On aurait tort, cependant, de ne voir dans ses conceptions qu’une simple version poétique du révisionnisme bernsteinien. Jaurès, après avoir eu quelques faiblesses pour le ministérialisme d’un Millerand, devint un adversaire sincère du gradualisme des réformes à petites doses. Dans ses vues sur l’histoire, il entendait concilier la foi en la déesse démocratie avec l’idée du rôle privilégié du prolétariat dans la lutte pour son triomphe. Selon lui la démocratie, pour se dépasser en démocratie socialiste, avait besoin de l’action constante du parti du prolétariat pour imposer son hégémonie politique. Au terme de longues luttes entre le principe de la démocratie et de la justice d’une part, celui de l’égoïsme et des privilèges d’autre part, un bond qualitatif devait se produire grâce à l’esprit de sacrifice du prolétariat. La démocratie se libérait des limites que lui avaient imposées ses créateurs bourgeois, de politique elle devenait économique et sociale.
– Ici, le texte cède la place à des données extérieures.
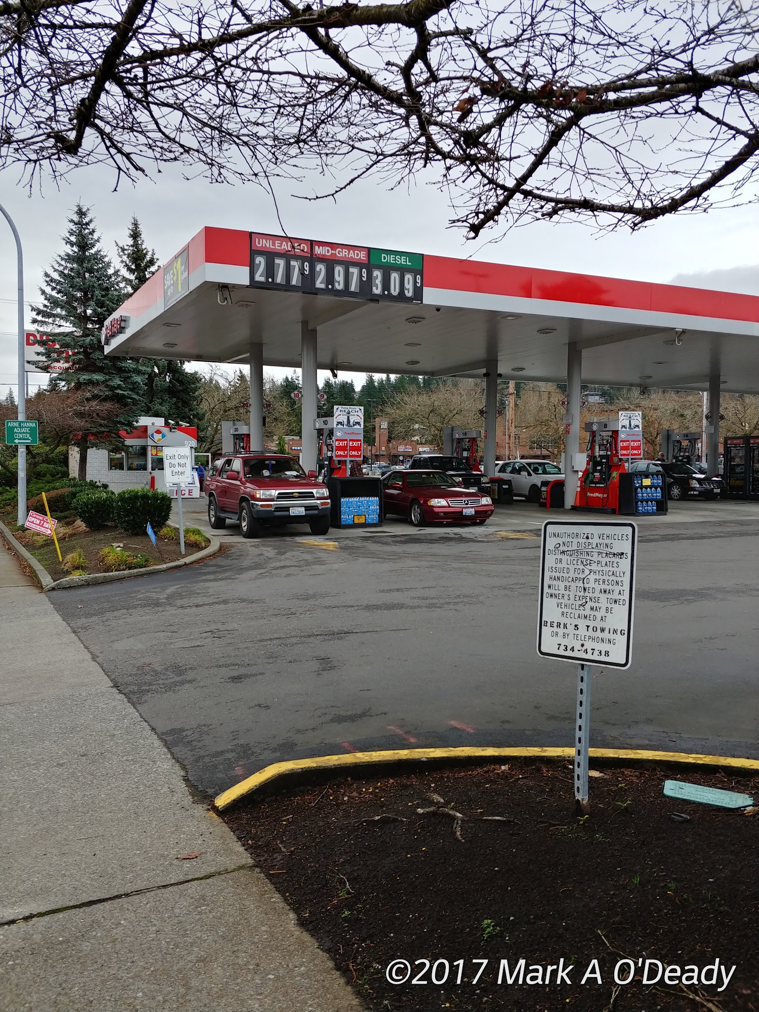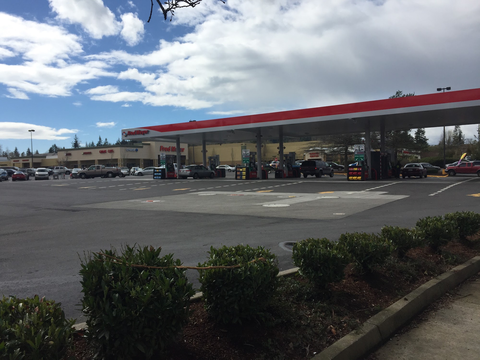 Fred Meyer Fuel Center offers good prices and good gas quality. It is a clean facility with equipment in great maintenance. There are plenty of pumps, so there is never a wait in line mostly. The pumps have long enough hoses to reach either side of any vehicle. Using the Fred Meyer reward card gives a nice discount, from at least 3ยข off a gallon up to $1 off. The pay attendant station can be kinda far from the pump depending on which one you use. Some pumps need to be cleaned, but this is where you go for gas.

La Révolution était en somme pour Jaurès moins une création qu’un point d’aboutissement, moins une rupture avec le passé que sa révélation à lui-même.
Cette conception du socialisme et de la révolution qui ne trouva sa forme achevée chez Jaurès que vers 1905 au moment de l’unification des différents groupes socialistes, était apparemment très éloignée des vues des militants de formation guesdiste. Ils l’acceptèrent cependant graduellement, parce qu’elle tenait compte de leur attachement à l’originalité ouvrière ou au particularisme prolétarien, parce qu’elle justifiait leur volonté de ne pas se confondre avec la gauche bourgeoise, et enfin parce qu’elle tenait compte de leur croyance dans le progrès social. L’idéologie guesdiste et blanquiste ne trouvait en fait pas grand-chose à opposer, si ce n’est sa méfiance, aux tentatives de Jaurès pour sep lacer à la tête des batailles pour les libertés démocratiques. Les guesdistes attendaient l’effondrement du capitalisme alors que Jaurès entendait préparer son dépassement et, dans chaque situation, cherchait la ligne de moindre résistance de l’édifice bourgeois. Jaurès put ainsi combattre victorieusement l’antiparlementarisme latent du mouvement socialiste et même renverser l’appréciation que les socialistes avaient à l’origine du radicalisme bourgeois. Il ne s’agissait plus de combattre son influence néfaste sur une partie du prolétariat et de la paysannerie, mais d’exercer sur lui une pression de plus en plus forte pour qu’il se dégage de l’influence du grand capital et se prête aux réformes tendant à créer lés conditions du bond qualitatif vers le socialisme. Dans l’action, on devait relever les fautes et les erreurs du radicalisme, mais on ne devait pas en tirer la conclusion que toute collaboration était impossible, car en réagissant ainsi on risquait de s’interdire les moyens d’influer sur la vie politique.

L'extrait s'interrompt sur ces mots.